Patients and Methods
Study Patients
We performed a retrospective study of patients treated with multilevel total en bloc spondylectomy by the same surgeon (AL) between January 1994 and January 2011. During the study period, 130 patients underwent total en bloc spondylectomies. For this study, we assessed only patients treated with multilevel thoracic and lumbar total en bloc spondylectomy for primary spinal sarcomas, solitary metastases, and aggressive primary benign tumors with a minimum 2-year followup. All patients with single-level total en bloc spondylectomy were excluded. Patients with cervical and cervicothoracic tumors were also excluded. Patients were diagnosed based on histopathology reports of a core needle biopsy. Whole-body CT, MRI of the whole spine, bone scintigraphy, and positron emission tomography were performed on all patients. In patients with an established diagnosis from previous surgeries, a new biopsy was not performed.
Thirty-eight patients were included in the study. There were 20 females and 18 males, with a mean age of 48 years (range, 8–74 years). Total en bloc spondylectomy involved two levels in 19 patients (Figs. 1, 2), three levels in 15 patients (Suppl Figs. 1, 2; supplemental materials are available with the online version of CORR®), four levels in three patients (Figs. 3–5), and five levels in one patient (Suppl Fig. 3; supplemental materials are available with the online version of CORR®). The majority of patients were diagnosed with spinal sarcomas (Table 1). No patients were lost to followup. The mean followup was 39 months (range, 24–124 months).
Table 1.
Type of tumor | Number of patients |
---|---|
Chondrosarcoma | 6 |
Chordoma | 6 |
Osteosarcoma | 6 |
Lung adenocarcinoma | 5 |
Single metastasis | 4 (2 kidney, 2 breast) |
Synovial sarcoma | 3 |
Malignant hemangioendothelioma | 3 |
Malignant high-grade schwannoma | 2 |
Aggressive giant cell tumor | 2 |
Leiomyosarcoma | 1 |
Surgical Decision Making
Surgical decision making was achieved by a multispecialty team that included the primary spine surgeon, approach-related surgeon, oncologist, radiotherapist, and anesthesiologist. Only after thorough discussion were patients offered a multilevel en bloc procedure. Patients who had a chance of increased survival and disease-free life were offered surgery. The indications for surgery were similar to those suggested by Tomita et al. [23, 24]: patients having solitary metastases or primary malignant tumors, who were medically fit, and had no visceral metastases. Tumor involvement was classified as Stage 6 (involving two or more levels).according to the classification of Tomita et al. [24].
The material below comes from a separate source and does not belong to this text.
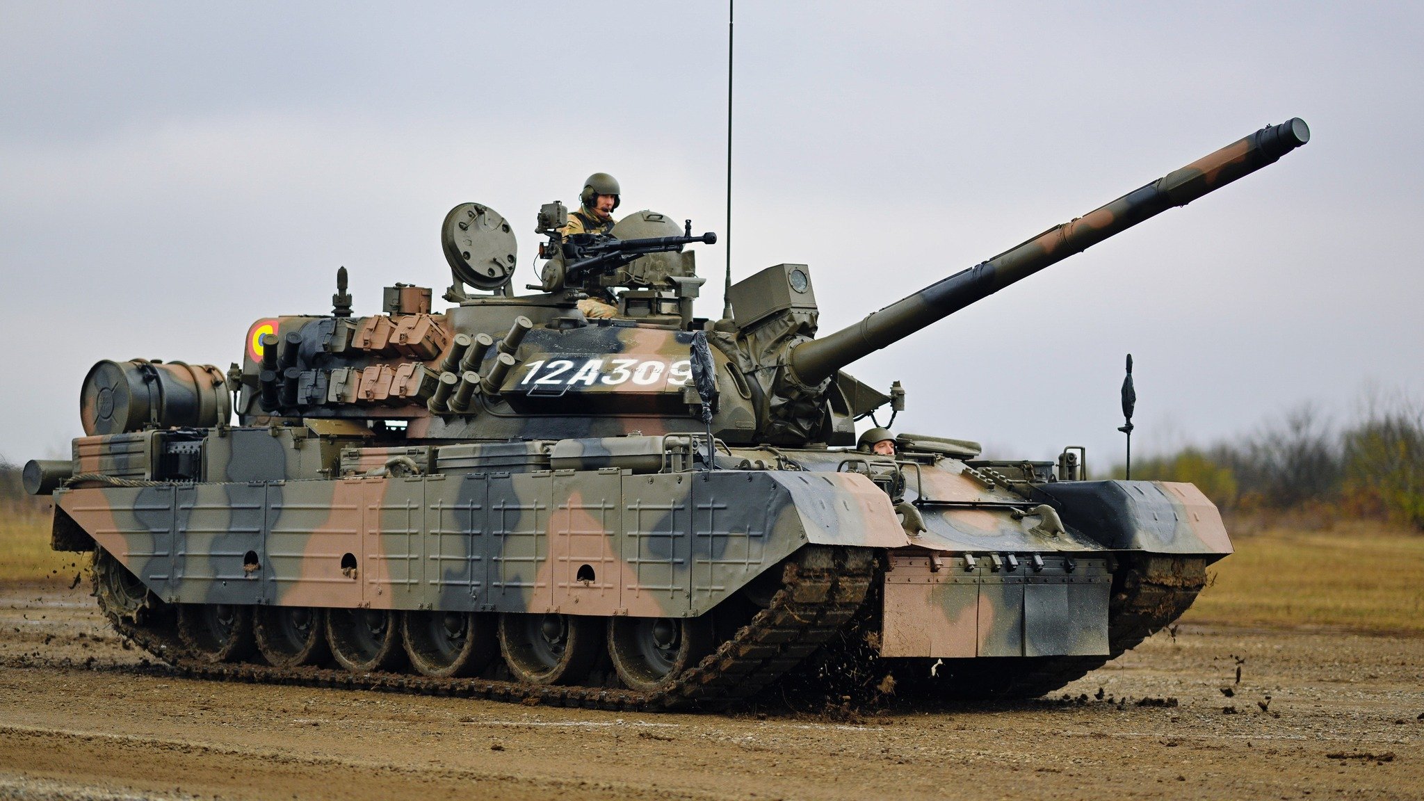 Tancul TR-85 M1 Bizonul, un tanc mijlociu, cu un echipaj de patru membri şi o masă totală de 50 de tone.

The surgical approach and technique were chosen based on the location and size of the tumor and involvement of surrounding neurovascular structures, as evident on radiographic studies. Guidance from approach-related surgeons was used in decision making and surgery. After the surgical plan was confirmed, the patients were thoroughly briefed regarding the procedure and the morbidity associated with it. If preoperative radiotherapy would be required, depending on tumor histology, the patients underwent surgery after 30 days but no later than 40 days after radiotherapy. Preoperative spinal angiography was performed in all patients to study the anatomy of Adamkiewicz’ artery. Preoperative embolization was performed only in the two patients with kidney metastases.
Surgical Procedure
Multilevel en bloc spondylectomy requires release of surrounding neurovascular structures from the tumor, en bloc resection of the tumor, posterior instrumentation, and reconstruction of the anterior defect. In patients with three or more levels of involvement, we released the neurovascular structures using primarily an anterior approach followed by posterior en bloc removal, pedicle screw instrumentation, and reconstruction of the anterior defect. If any surrounding structures were involved in the tumor, a partial or full resection was undertaken with the aid of another specialist surgeon. For the majority of two-level tumors, an all-posterior approach was sufficient. In a few patients, we also went posterior–anterior–posterior. The decision concerning the type and number of approaches depended on the relationship of the tumor with the surrounding vital structures.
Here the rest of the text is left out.